A web interface to the 300k-word CIG1 and 570k-word CIG2 corpora
Page language:


CIG2 documentation

(Replicated from the Child Language Databases website.)

CIG 2 is a database of the Welsh of children between the ages of three and seven years of age. The database was created by a project which was funded by the Economic and Social Research Council, and which was located in the Department of Education, Univerity of Wales Aberystwyth.


Two projects are responsible for this database:

1. Economic and Social Research Council Project 1999-2000

This electronic version is the direct result of a project, The Aberystwyth Child Language Databases which was funded by the Economic and Social Research Council (R000237978) with a grant of L60,611. The project was located in the Department of Education, University of Wales Aberystwyth, and ran for 12 months from 1st July 1999 until the 30th June 2000.

The director of this project was Bob Morris Jones, and the recordings were transcribed in CHILDES format by Merris Griffiths and Mared Roberts, Research Officers.

Because of dialectal differences, it was advantageous to have one researcher from a northern dialect area and the other from a southern dialect area.

This project had the following objectives, all of which have been achieved and are described elsewhere in these pages:

Then the data and the lexicon would be publicly available at the CHILDES site for work in:

Because of the regularity of the CHILDES transcriptional system, howevever, researchers would also be free to write their own computer programs for their own aims. A programming language such as Icon is suitable for this purpose.

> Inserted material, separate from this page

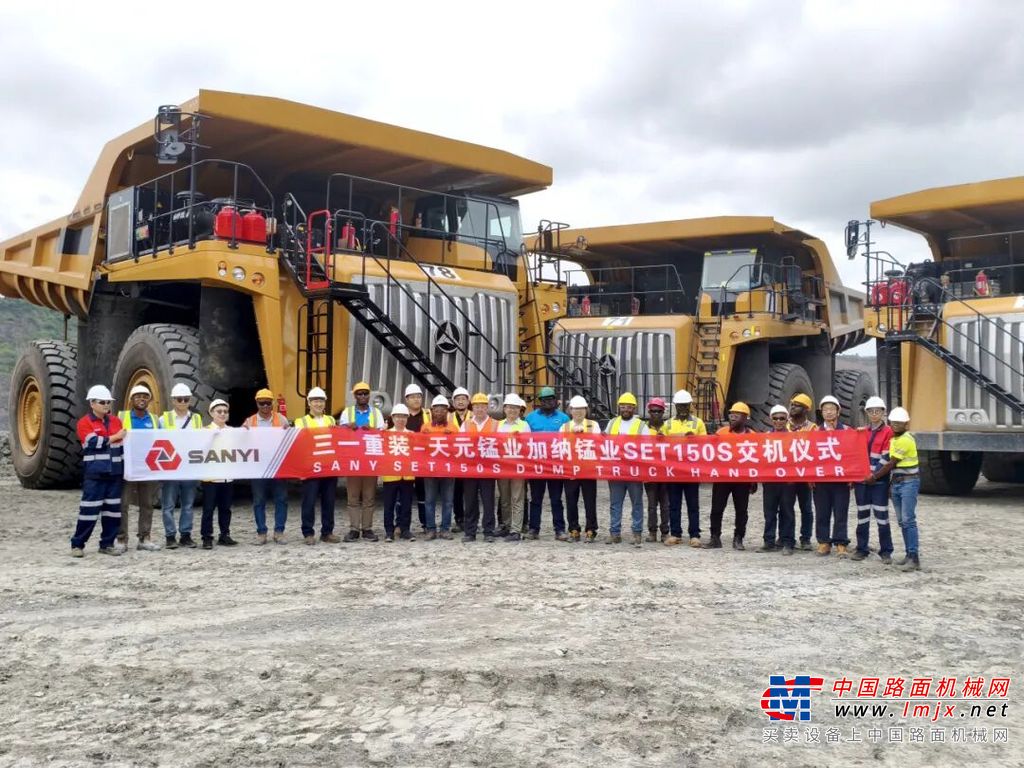 近日,三一和加纳GMC(隶属天元锰业集团)举行SET150S大吨位电动轮交机仪式。天元锰业集团副总裁徐立斌、加纳GMC矿长Ampong、三一重装海外营销公司总经理邓文旭、三一尼日利亚国区董事长胡雪松、三一重装尼日利亚项目部总经理金钊、三一重装大客户经理朱炎等出席交机仪式。

2. Welsh Office Project 1974-1977

The audio recordings were originally collected, with the permission of the parents, the schools, and the Local Education Authority, as part of a project which was funded by the Welsh Office, Concept and Language Development, under the direction of Professor CJ Dodson between 1974 ac 1977. This project was administered by Bob Morris Jones, and staffed at different times by Brec'hed Piette, Hefin Jones, John Jones, Wyn James, Christine James, and Nesta Dodson.

Brech'ed Piette was mainly responsible for designing concept tests which were adminstered to many of the children who were recorded. The results have been coded on to plain text computer files at the University of Wales Aberystwyth.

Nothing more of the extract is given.